Data records.
=== Section Start ===

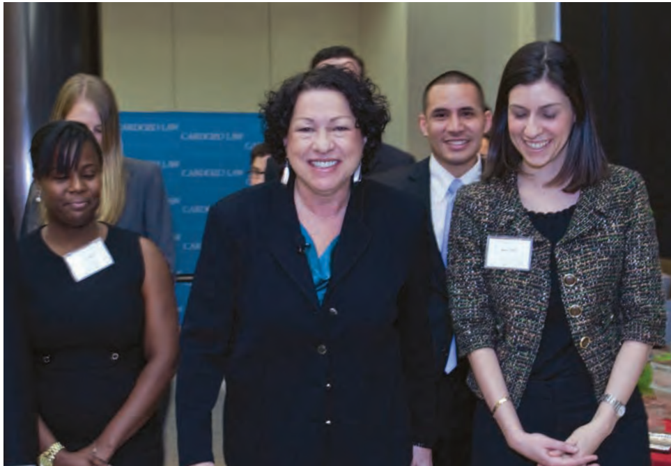
Supreme Court Justice Sonia Sotomayor participated in a conversation with students at the school.

Students with a keen interest in the Constitution find inspiration in the many events hosted by this center, including speaking engagements and conferences. Recent convenings have addressed hate speech and the culture wars, civil liberties in the age of terrorism and taxing the church.
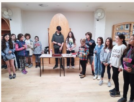
Senior classes making weekly Havdalah

Full Cheder policies covering Anti-Bullying, Behaviour and Child Safeguarding, as well as Health and Safety as it affects the Cheder, can be found on the Synagogue website www.wimshul.org under Education.
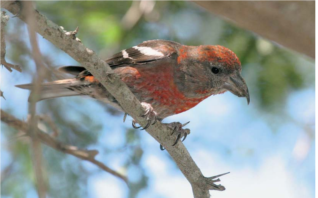
133-134 Hispaniolan Crossbill / Hispaniolakruisbek Loxia megaplega , adult male, Sierra de Bahoruco, Dominican Republic, 16 March 2004
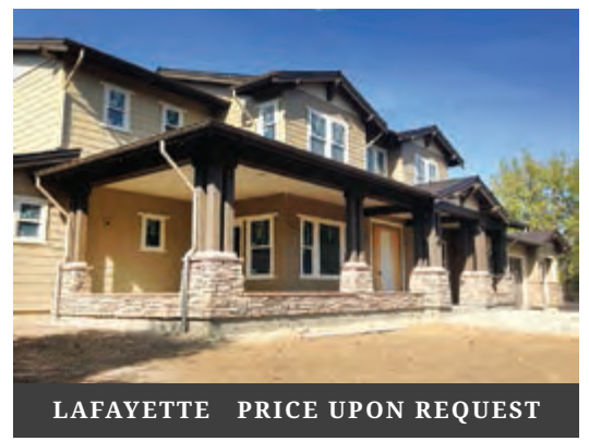
LAFAYETTE PRICE UPON REQUEST
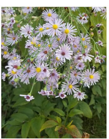
22 Smooth Blue Aster Symphyotrichum laeve

This late blooming aster adapts well to almost any setting and will add instant color to your garden in the fall. Pair with a goldenrod for a beautiful color contrast.
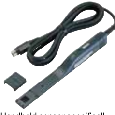
Handheld sensor specifically for blue-violet optical lasers
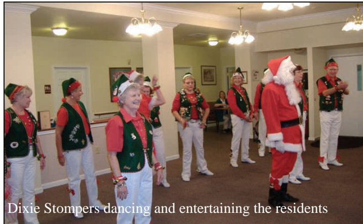
Dixie Stompers dancing and entertaining the residents
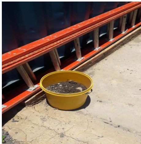
Photo 3 ontaminated soil stored in a bucket at camp
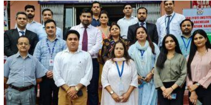
20+ Expert Counselors
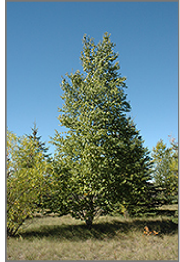
Paper Birch

This tree does best in full sun to partial shade. It prefers to grow in average to moist conditions, and shouldn't be allowed to dry out. It is not particular as to soil type or pH. It is somewhat tolerant of urban pollution. Consider applying a thick mulch around the root zone in winter to protect it in exposed locations or colder microclimates. This species is native to parts of North America.
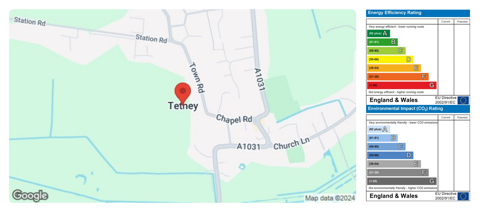
For clarification, we wish to inform prospective purchasers that we have not carried out a detailed survey, nor tested the services, appliances and specific fittings for this property. All measurements and floor plans provided are approximate and for guidance purposes only. The particulars are set out as a general outline only for the guidance of intending purchasers or lesses, and do not constitute any part of an offer or contract. All descriptions, dimensions, references to condition and necessary permissions for use and occupation, and other details are given in good faith and are believed to be correct and any intending purchaser or tenant should not rely on them as statements or representations of fact but must satisfy themselves by inspection or otherwise as to the correctness of each of them. No person in the firms employment Ltd has any authority to make or give any representation or warranty whatever in relation to this property. If there is any point which is of particular importance to you, please contact the office and we will be pleased to check the information, particularly if you contemplate travelling some distance to view the property.
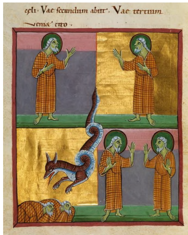
The Two Witnesses as depicted in the 11 th century Bamberg Apocalypse

Even with his extensive control over the media, details of the LORD's mighty work would be communicated widely by those among the Gog-Magog invasion force who were allowed to survive – indeed, many of them may have come to faith in Christ. Besides, vast regions of the Holy Land would be covered with the shattered remnants of their military equipment and the bodies of those slain by the furious storm of rock-hard hailstones.
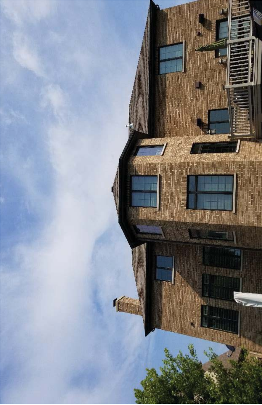
Image of Back of Home
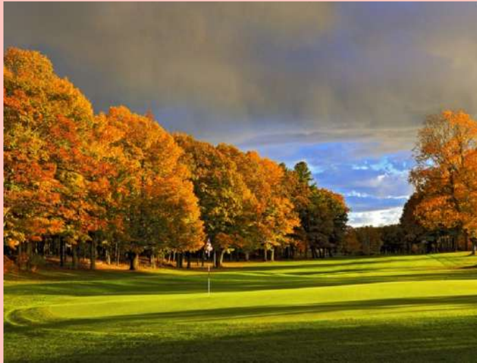
Peninsula Park Golf Course on a fall day

Ephraim Moravian Church worship@ephraimmoravian.org Website: www.ephraimmoravian.org 920-854-2804
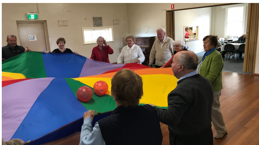
SSG Brunswick during playing with Kanza wrap.
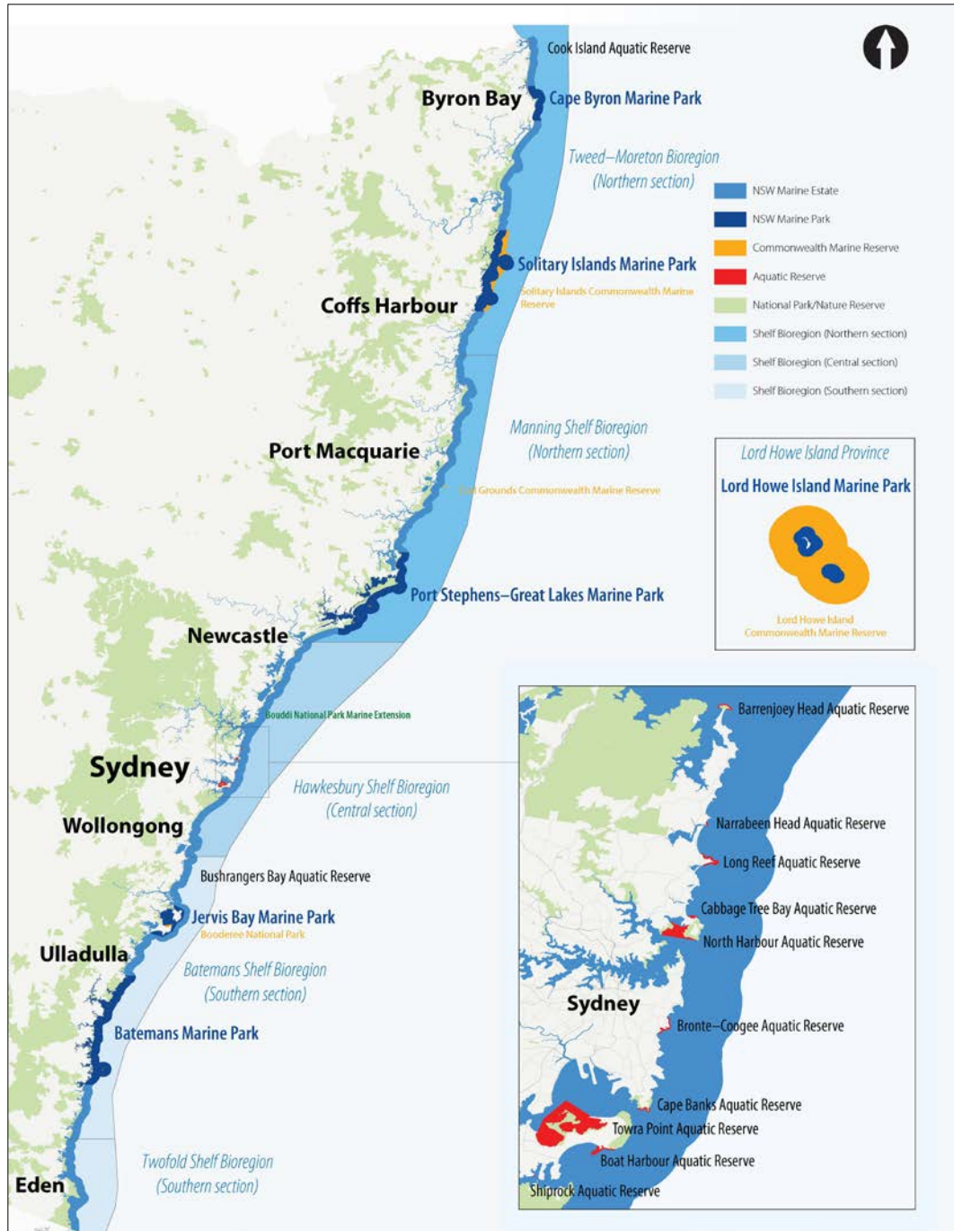
Map 1 NSW marine estate

The NSW marine estate covers the coastline, estuaries and marine waters in NSW out to three nautical miles off the coast (map 1). It stretches approximately 1,250 kilometres along the eastern coast of Australia. It includes coastal lakes, lagoons and over 750 beaches. The NSW marine estate is home to an extensive variety of marine life, ecosystems and natural resources. It is a valuable asset that supports the social, economic and environmental well-being of NSW (Figure 2).
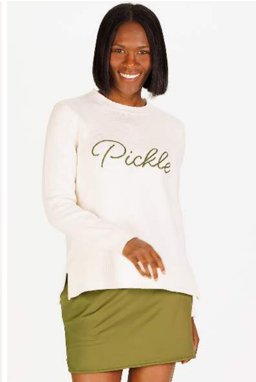
CASUAL CREW NECK SWEATER Ivory/Moss Green Pickle W$78 Heirloom Cotton Sweater
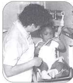
A well-child check-up. c. 1979

Advances in civil rights, the women's movement and heightened concern for the environment are major trends of the 70's. The population of the country tops two-hundred million as life-expectancy increases to 67.1 years for males and 74.8 for females. The first Earth Day is celebrated as American youth embrace environmental issues. The violent deaths of four Kent State University students horrify the nation as anti-war demonstrations heat up on campuses. The Supreme Court rules in favor of legalized abortion following the Roe vs. Wade decision. The World Health Organization (WHO) declares smallpox eradicated. The National Cancer Act is signed into law.
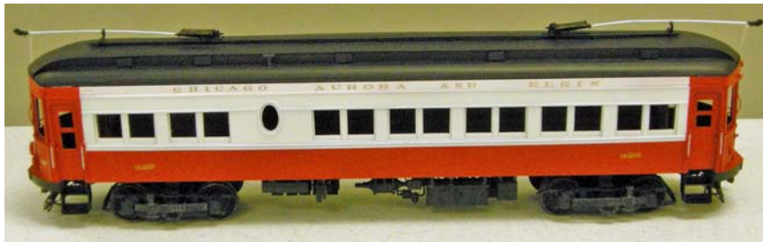
First Place: John Cloos for his O-scale CA&E Interurban Car

The September contest was for "Factory Fresh" painted models. There were 10 entries representing motive power and rolling stock and a variety of scales. Balloting was very close and needed to be resolved with a plea from Jim Osborn for more people to vote.
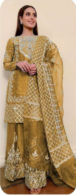
D.No | 149-B
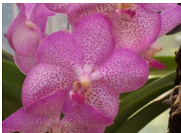
Unknown Vanda Grown by: Sabrina Roque

Web Site: Don Goss.....310-316-3595 Orchids at South Bay Orchid Society dot com
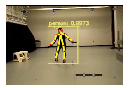
(a) Feature extraction by YOLOv3 and OpenPose.

The result of the extracted feature in Fig. 4a and Fig. 5a give us the 18 nodes of human body pose estimation. Even though, because of the eyes and ears as the human body parts practically will not move from the head we decided to conclude the node of ears, eyes, and nose as a head node that will be centered to nose node. YOLOv3 works well to prevent distant pose miscalculation. Prediction result on our dataset is shown in Fig. 4b, where the red points are the current position, and the blue points are the prediction position. As well as the prediction result on CMU dataset in Fig. 5b. Table 1 shows the evaluation distances for each node defines the frequency of the value below 1.8% of of the the diagonal frame pixels away from the ground truth in percentage. Generally, the prediction results on our dataset shows the better results than the prediction results on CMU dataset where the right knee and left knee have been obtained 95% of the prediction results are reliable. Altough, elbow and wrist nodes on our dataset show that RNN-LSTM has difficulty on predicting the sequence data since elbow and wrist on our dataset move more than other nodes in the video. Whereas the prediction results on CMU dataset mostly below 60% of the prediction result that are reliable. Even though, the prediction results on left hip, left knee, and left ankle show more reliable results than the rest of the nodes which show 72%for the left hip, 82% for the left knee, and 83% for the left ankle.
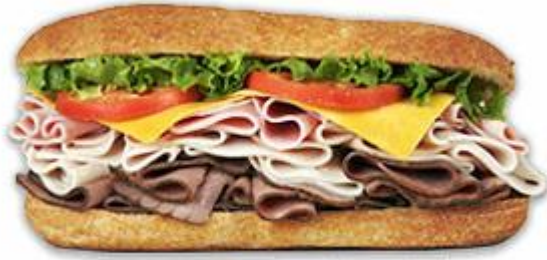
Penny Club on Gold
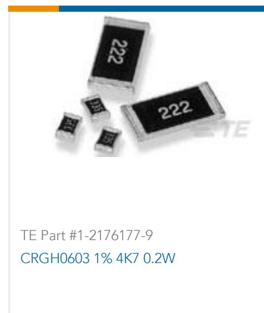
TE Part #1-2176177-9 CRGH0603 1% 4K7 0.2W
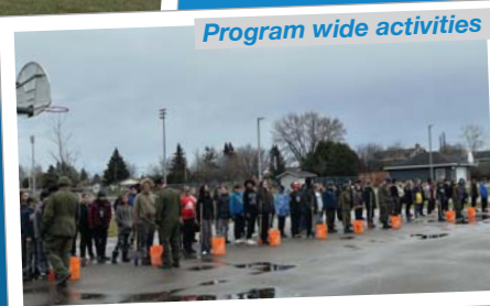
Program wide activities
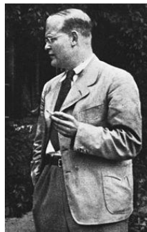
Bonhoeffer in 1939
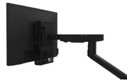
OptiPlex Micro Dual VESA Mount with Adapter Bracket

Adjustable, compact stand for your micro creates a clean, open workspace with minimal cables.
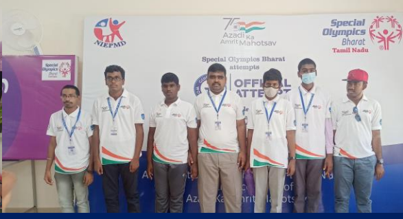
Athletes from DAIL Trainees has participated in Special Olympic Bharat Attempts event held on 07 th April 2022
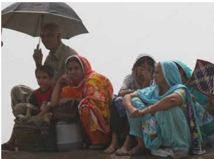
Families wait at water's edge.

A family sits on the water's edge. Among them is an old man holding a cloth umbrella, squatting on the ground. Children wave
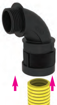
① Insert Tube to Connector
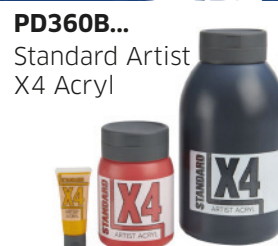
PD360B... Standard Artist X4 Acryl
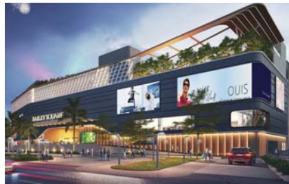
60. Bailey Square Shaping Patna's New Retail & Lifestyle Core
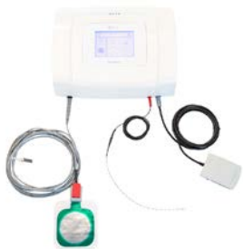
Figure 2: Radiofrequency treatment procedure
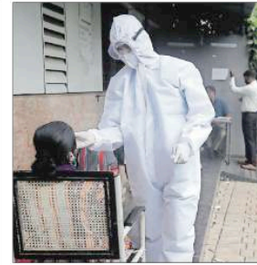
Acceleration in the health sector is owed to the easing of the fiscal consolidation policy in the sector, coupled with the emergence of the pandemic.
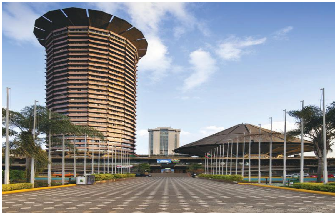
Kenyatta International Convention Centre

The post will also provide Kenya with access to valuable industry data, research, and insights, enabling it to make strategic decisions and increase global visibility.
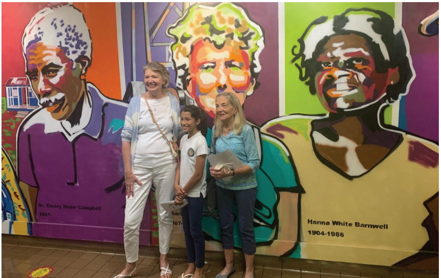
Artist and students celebrate local legends

The project was underwritten by the Town's Office of Cultural Affairs as one of its Community Creates Initiatives. The purpose of the project
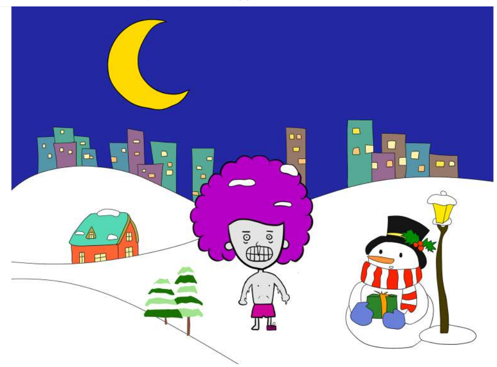
The Missing Shoe, by Class 2C

Once upon a time the Ranterino was very, very hungry. He wanted to eat some food but he had no food at home.
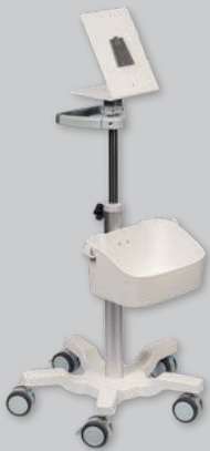
Roll Stand (STND-150)
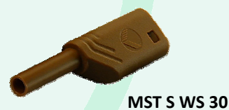
MST S WS 30
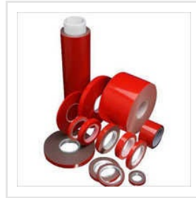
Single Sided Acrylic Foam Tape
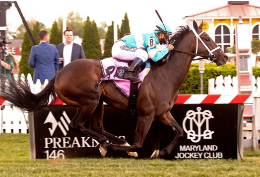
T D Dance romps in the James Murphy by an easy 3 3/4 lengths on Preakness Day 2021.
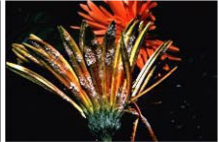
Powdery mildew on gerbera.
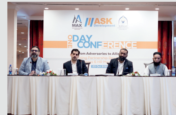
Session 1: The role of managers in the achievement of organizational objectives.

This Conference was held on October 23, 2024, at Avari Hotel, Lahore.
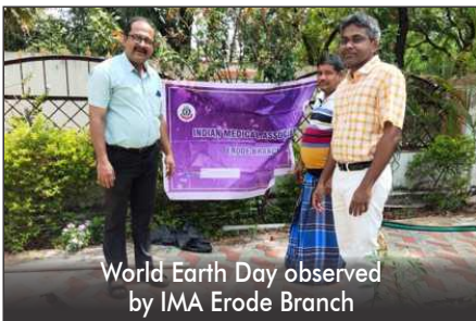
World Earth Day observed by IMA Erode Branch
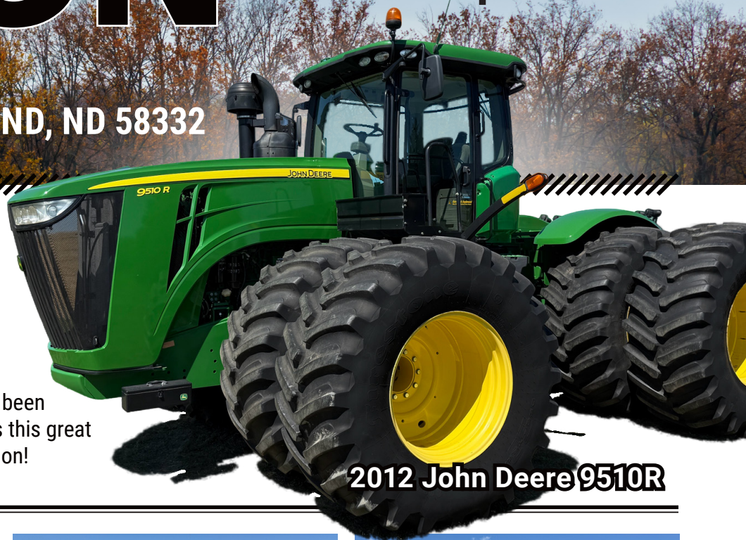
2012 John Deere 9510R
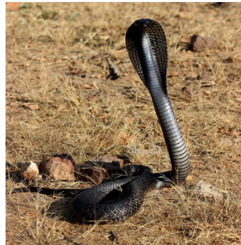
Fig. 11. Naja naja , the Spectacled Cobra

Scalation: Dorsal scales smooth, glossy and strongly oblique. Mid-body scales in 23 rows (21-25), ventrals 171-197; anal shield single; subcaudals 48-75, divided; upper labials (3 rd largest and touching nasal anteriorly, 3 rd and 4 th touching eye), lower labials 9-10 (smaller angular cuneate scale present between 4 th and 5 th lower labial); preocular one in contact with internasals; postoculars 3; temporal 2+3.

=== Section End ===

Task description.
Please return the data above exactly as it stands from the line with "The September contest" to the line with "(a) Feature extraction", keeping both of those lines but none of the pictures.

Exercise solution.
The September contest was for "Factory Fresh" painted models. There were 10 entries representing motive power and rolling stock and a variety of scales. Balloting was very close and needed to be resolved with a plea from Jim Osborn for more people to vote.
D.No | 149-B
Unknown Vanda Grown by: Sabrina Roque

Web Site: Don Goss.....310-316-3595 Orchids at South Bay Orchid Society dot com
(a) Feature extraction by YOLOv3 and OpenPose.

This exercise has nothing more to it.